___ Supplied material ___

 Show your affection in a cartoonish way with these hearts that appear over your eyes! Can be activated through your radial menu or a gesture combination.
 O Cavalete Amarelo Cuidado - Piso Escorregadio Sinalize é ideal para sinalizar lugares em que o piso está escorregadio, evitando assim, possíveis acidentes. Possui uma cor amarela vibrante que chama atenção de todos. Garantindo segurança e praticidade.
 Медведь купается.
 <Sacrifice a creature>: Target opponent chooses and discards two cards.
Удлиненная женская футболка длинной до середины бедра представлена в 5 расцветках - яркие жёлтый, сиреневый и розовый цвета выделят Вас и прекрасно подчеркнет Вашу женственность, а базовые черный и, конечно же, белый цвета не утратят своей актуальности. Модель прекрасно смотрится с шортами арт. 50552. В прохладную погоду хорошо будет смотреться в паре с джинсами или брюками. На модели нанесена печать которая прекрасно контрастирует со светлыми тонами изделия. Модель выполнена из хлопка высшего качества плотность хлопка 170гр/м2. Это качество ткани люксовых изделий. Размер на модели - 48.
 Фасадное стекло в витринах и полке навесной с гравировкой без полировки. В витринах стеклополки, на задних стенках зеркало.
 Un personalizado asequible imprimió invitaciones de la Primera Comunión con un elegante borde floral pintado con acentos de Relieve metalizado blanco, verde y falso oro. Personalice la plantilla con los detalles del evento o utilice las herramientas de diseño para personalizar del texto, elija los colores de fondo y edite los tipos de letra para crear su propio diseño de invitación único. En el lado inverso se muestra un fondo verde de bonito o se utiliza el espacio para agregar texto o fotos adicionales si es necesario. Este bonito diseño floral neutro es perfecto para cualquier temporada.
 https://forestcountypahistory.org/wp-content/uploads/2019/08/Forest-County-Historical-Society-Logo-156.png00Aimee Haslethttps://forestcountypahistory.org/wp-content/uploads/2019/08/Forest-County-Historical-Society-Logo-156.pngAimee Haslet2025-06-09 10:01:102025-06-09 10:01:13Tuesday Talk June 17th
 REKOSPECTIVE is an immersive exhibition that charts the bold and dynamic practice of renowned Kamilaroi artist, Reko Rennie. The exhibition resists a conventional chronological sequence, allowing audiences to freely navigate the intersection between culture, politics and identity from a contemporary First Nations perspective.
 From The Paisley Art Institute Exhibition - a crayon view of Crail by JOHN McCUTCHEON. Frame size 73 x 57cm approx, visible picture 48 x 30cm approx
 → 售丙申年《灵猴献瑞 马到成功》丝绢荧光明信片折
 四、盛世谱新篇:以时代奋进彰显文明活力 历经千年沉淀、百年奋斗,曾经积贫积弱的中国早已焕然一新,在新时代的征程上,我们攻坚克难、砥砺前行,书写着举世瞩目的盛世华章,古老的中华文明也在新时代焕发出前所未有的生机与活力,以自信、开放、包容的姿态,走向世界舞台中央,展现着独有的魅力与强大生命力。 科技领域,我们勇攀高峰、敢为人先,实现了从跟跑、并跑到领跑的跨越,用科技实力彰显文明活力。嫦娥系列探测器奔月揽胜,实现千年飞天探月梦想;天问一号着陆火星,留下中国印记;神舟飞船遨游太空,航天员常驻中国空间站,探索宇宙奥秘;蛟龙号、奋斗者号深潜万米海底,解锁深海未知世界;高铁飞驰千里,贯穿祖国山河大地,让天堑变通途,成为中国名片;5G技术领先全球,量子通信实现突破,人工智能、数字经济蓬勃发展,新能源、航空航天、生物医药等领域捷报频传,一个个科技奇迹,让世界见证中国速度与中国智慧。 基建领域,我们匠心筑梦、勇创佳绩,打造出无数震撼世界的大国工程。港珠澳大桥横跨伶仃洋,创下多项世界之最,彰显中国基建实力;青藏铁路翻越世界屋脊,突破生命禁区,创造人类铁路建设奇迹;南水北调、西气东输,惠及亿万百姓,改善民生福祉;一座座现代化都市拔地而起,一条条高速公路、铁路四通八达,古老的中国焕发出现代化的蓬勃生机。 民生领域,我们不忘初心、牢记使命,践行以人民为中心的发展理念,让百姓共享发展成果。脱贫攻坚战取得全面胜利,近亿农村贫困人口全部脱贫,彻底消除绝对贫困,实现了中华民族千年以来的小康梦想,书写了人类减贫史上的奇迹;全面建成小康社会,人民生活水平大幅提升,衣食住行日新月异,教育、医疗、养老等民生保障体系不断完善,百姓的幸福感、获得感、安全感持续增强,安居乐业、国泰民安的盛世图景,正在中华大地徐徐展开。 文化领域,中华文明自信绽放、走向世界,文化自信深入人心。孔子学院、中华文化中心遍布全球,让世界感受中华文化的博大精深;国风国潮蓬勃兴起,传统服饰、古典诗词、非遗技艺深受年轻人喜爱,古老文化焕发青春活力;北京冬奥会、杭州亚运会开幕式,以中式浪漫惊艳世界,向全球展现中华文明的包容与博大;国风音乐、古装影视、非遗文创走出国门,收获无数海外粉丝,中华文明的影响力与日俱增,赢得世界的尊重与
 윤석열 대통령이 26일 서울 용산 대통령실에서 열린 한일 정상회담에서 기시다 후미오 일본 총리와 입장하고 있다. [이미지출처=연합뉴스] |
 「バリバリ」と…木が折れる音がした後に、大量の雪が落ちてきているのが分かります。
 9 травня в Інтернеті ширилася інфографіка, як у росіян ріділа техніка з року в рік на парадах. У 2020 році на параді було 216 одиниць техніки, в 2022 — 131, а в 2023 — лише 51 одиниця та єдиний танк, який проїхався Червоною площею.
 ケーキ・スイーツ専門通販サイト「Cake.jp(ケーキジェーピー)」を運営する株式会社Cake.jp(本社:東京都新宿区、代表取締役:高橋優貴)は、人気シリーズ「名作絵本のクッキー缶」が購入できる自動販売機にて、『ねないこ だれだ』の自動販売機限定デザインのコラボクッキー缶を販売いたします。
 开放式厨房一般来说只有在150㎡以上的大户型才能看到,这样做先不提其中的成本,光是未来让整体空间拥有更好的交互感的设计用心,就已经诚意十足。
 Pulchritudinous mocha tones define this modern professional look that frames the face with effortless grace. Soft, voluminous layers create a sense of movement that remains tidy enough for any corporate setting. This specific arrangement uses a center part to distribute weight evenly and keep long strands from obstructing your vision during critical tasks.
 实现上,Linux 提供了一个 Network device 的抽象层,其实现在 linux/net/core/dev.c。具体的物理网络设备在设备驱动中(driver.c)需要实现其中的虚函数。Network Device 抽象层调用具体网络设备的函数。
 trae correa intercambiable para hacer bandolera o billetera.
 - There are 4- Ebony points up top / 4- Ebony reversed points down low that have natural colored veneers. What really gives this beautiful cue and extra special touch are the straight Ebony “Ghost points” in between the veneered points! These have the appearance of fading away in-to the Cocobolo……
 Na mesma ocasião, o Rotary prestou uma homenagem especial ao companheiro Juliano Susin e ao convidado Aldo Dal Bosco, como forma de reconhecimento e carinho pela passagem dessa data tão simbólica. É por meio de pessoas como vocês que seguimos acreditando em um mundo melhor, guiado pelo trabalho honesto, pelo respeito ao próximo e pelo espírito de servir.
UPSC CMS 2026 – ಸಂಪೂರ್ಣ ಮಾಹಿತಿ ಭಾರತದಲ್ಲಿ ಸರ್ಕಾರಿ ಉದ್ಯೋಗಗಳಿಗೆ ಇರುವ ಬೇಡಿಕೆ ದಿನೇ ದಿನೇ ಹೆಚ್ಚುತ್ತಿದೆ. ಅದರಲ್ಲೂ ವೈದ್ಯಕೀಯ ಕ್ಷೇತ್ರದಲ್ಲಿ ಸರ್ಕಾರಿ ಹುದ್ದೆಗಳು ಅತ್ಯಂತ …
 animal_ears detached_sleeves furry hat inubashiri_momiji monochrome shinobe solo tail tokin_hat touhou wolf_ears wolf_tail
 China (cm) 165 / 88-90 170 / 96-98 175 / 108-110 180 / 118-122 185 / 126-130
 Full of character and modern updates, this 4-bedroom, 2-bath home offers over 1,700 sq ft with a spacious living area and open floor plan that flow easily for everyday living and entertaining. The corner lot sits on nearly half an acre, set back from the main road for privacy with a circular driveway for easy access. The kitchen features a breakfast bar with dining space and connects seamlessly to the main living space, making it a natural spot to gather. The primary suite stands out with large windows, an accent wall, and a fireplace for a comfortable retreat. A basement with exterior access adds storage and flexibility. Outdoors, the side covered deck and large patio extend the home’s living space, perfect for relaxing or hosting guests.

___

* [What is required] Scan the entries above and report the number of lines that contain the word "your", with no added text.

* [Answer for the task] 2